EXPLICIT TEACHING IN THE OPERATING ROOM: ADDING THE WHY TO THE WHAT

CONTEXT

Residents need their supervisors in the operating room to inform them on how to use their expertise in present and future occasions. A few studies hint at such explicit teaching behaviour, however without explaining its underlying mechanisms. Understanding and improving explicit teaching becomes more salient nowadays, as access of residents to relevant procedures is decreasing, while end-terms of training programs remain unchanged: high quality patient care.

OBJECTIVES

A structured analysis of 1. The practices supervisors use for explicit teaching and 2. How supervisors introduce explicit teaching in real time during surgical procedures.

METHODS

An observational qualitative collection study in which all actions of nine supervisor-resident dyads during a total hip replacement procedure were videotaped. Interactions in which supervisors explicitly or implicitly inform residents how to use their expertise now and in future occasions were included for further analysis, using the iterative inductive process of conversation analysis.

RESULTS

1. Supervisors used a basic template of if/then rules for explicit teaching, which they regularly customized by adding metaphors, motivations, and information about preference, prevalence and consequence.

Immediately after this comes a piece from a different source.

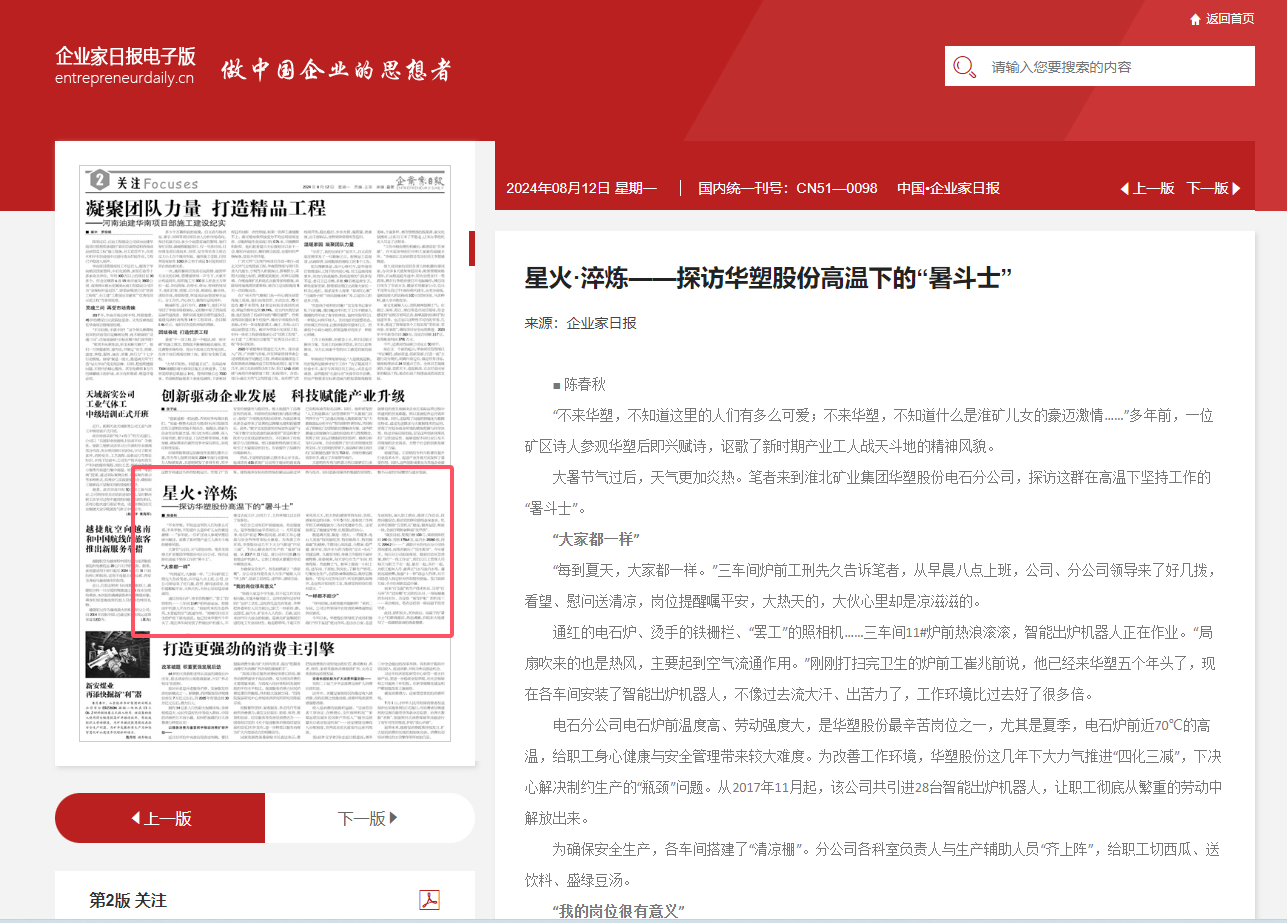 《企业家日报》8月12日二版:星火·淬炼——探访yd2333云顶电子游戏股份高温下的“暑斗士”

2. If/then rules are introduced by supervisors to solve a (potential) problem in outcome for the present patient in reaction to local circumstances, e.g. what residents said, did or were about to do.

CONCLUSIONS

If/then rules add the why to the what. Supervisors upgrade residents’ insights in surgical procedures (professional vision) and teach the degree of individual freedom and variation of their expert standards for future occasions. These insights can be beneficial in improving supervisors’ teaching skills.